Carol Zaleski and Philip Zaleski, The Fellowship: The Literary Lives of the Inklings (2015)

 

Love them or hate them — and there are large camps on both sides — it’s undeniable that CS Lewis and JRR Tolkien have had a huge impact on the imaginative landscape of the last century. Where did their tales of planetary travel, magical wardrobes, sinister rings, and elves, dwarves and hobbits come from? What were the sources of their Christian faith, and how was it expressed in their fiction and nonfiction? What do they still have to say to us in today’s post-modern, highly secular world?

To understand the Tolkien/Lewis phenomenon, it’s vital to see them in their context of friends, fellow academics, and colleagues, particularly the circle known as The Inklings, a semi-informal writers’ group that saw the genesis of many of their most important works. Two lesser-known members of the group, Owen Barfield and Charles Williams, played crucial roles in its development, and particularly influenced Lewis as intellectual foils and sparring partners. In The Fellowship, Philip Zaleski and Carol Zaleski explore the extraordinary creative ferment of the Inklings with zest, lucidity, and intelligence.

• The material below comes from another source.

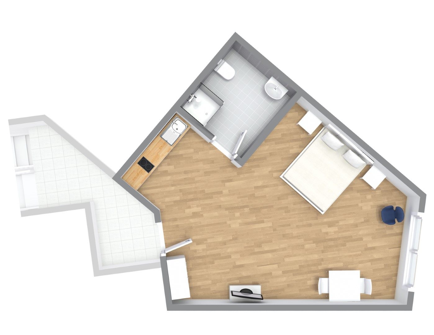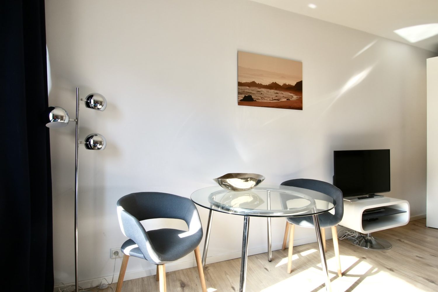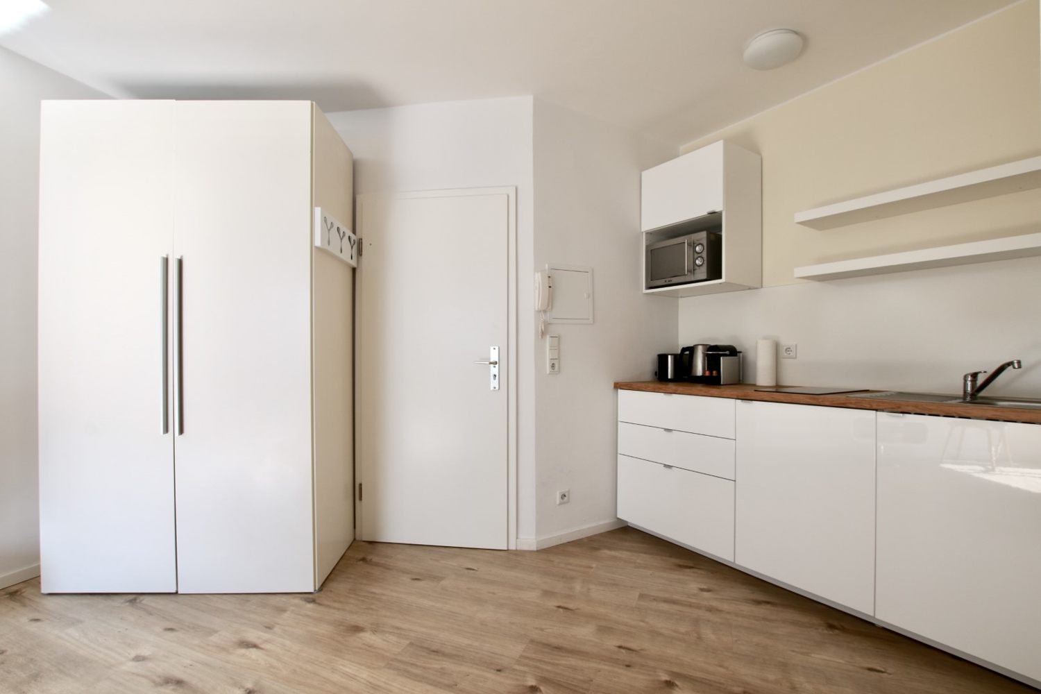 Balcony, living room / bedroom with queen-sized bed 1.40 m, bed linen and cleaning service optionally, laundry room in the basement, pets not allowed, DSL WiFi optionally for 8.00 Euros/week, minimum term of lease 2 months, plus final cleaning 100,00 €

The Zaleskis are clearly in the friendly camp, but avoid idolizing their subjects excessively, bringing in some of their less savory sides while ultimately refraining from passing judgment. (Lewis lived for many years with a married older woman; the angelic Williams had a taste for sadism.) They adroitly juggle the stories of the four men and their overlapping paths toward Oxford, painting a fascinating picture of the flowering of a literary circle within the turbulent years of a world at war. Even in a book whose main section exceeds 500 pages, it’s not possible to exhaustively cover each life; some personal details are glossed over, the emphasis being on their “literary lives” as the subtitle states. But in general a fine balance is struck between the private and public sides of the Inklings, and much light is shed on the sources and reverberations of their work.

For any avid reader of any of these four writers, this is an essential and highly enjoyable book. Even those who disdain Lewis’s popular Christian apologetics or Tolkien’s Hobbit epic may, the Zaleskis hope, “come to see that Tolkien, Lewis, Barfield, Williams, and their associates, by returning to the fundamentals of story and exploring its relation to faith, transcendence, and hope, have renewed a current that runs through the heart of Western literature.” That’s my hope, too, and my reason for continuing to hold these four writers as touchstones for my literary life.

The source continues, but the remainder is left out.